The capture or recording of audio or audio video content is well known. Many handheld devices are equipped with both cameras and microphones configured to capture or record audio and/or audio video signals for storage or transmission. Furthermore such devices are more commonly being equipped with spatial audio capture technology. Spatial audio capture technology uses an array of microphones (two or more) for recording or capturing the audio environment. The captured audio signals are analysed to extract the spatial co-ordinates/positions of any relevant or dominant sources in the captured audio environment. The spatial co-ordinates can then be defined with regards or reference to the orientation of the capturing device and typically the orientation of the centre of the camera viewpoint. Typically the spatial co-ordinates of the audio sources relative to the orientation of the electronic device are in the form of an angle with respect to a device centre axis or axes defined by the camera orientation. These coordinates are then used in some situations to synthesize a stereo audio signal at a listening device. The synthesis involves imparting frequency and angle dependent inter aural time and level difference cues through a head related transfer function (HRTF) or head related impulse response (HRIR). These combinations of HRTF/HRIR values when replayed on a stereo headphone set allow the signal to represent an audio sound field which is perceptually similar to the recorded audio environment. Alternatively synthesis based on custom panning rules can be applied for replaying it on a multi-channel loudspeaker set up.

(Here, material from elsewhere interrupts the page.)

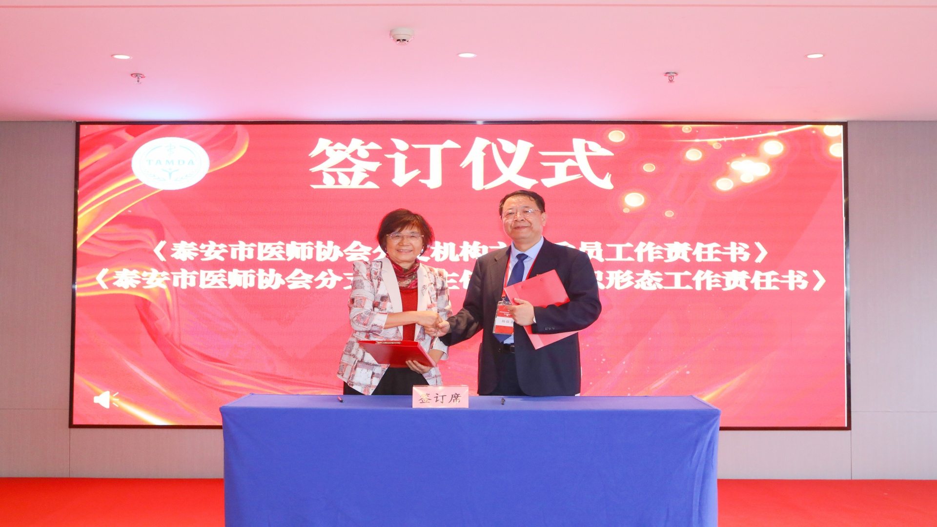 ? ? ? ? 作為首屆眼科醫(yī)師分會(huì)第一發(fā)起人、籌備委員會(huì)負(fù)責(zé)人,楊敬昌在會(huì)議伊始就詳細(xì)匯報(bào)了分會(huì)籌備情況,為分會(huì)的順利成立奠定了堅(jiān)實(shí)基礎(chǔ)。會(huì)議期間,還完成了泰安市醫(yī)師協(xié)會(huì)眼科醫(yī)師分會(huì)第一屆委員會(huì)選舉、頒發(fā)聘書等重要議程,楊敬昌現(xiàn)場簽訂《泰安市醫(yī)師協(xié)會(huì)分支機(jī)構(gòu)工作責(zé)任書》與《泰安市醫(yī)師協(xié)會(huì)分支機(jī)構(gòu)意識(shí)形態(tài)工作責(zé)任書》,以嚴(yán)謹(jǐn)態(tài)度扛起分會(huì)建設(shè)與發(fā)展的重任。

Often the presentation of spatial audio signals is performed in conjunction with a replay of a video feed captured by a camera on the device.
Such portable devices unlike tripod mounted apparatus are prone to translational and rotational motion while they are recording audio and video. These motions can be the result of motion of the person holding the device (produced such as by device ‘shake’, or movement such as walking, running, and changing hands), or by the motion of a vehicle on which the device is mounted while recording. The motion is unintentional and unavoidable but can result in an unpleasant video playback experience. Video stabilization to overcome such translational and rotational values for video in many commercially available video recorders as this motion is typically constrained to relatively small translational and rotational values.
The recorded audio signal is similarly affected by motion. Specifically any motion could generate an incorrect estimate of the positions of the sources in the audio environment. Furthermore the estimation could further assign an audio source an incorrect motion. For example stationary sources at a given coordinate would when affected by motion can lead to variations in the estimated positions which causes the replayed sound sources to ‘oscillate’ or ‘wobble’ around their position whilst the video image maintained stationary.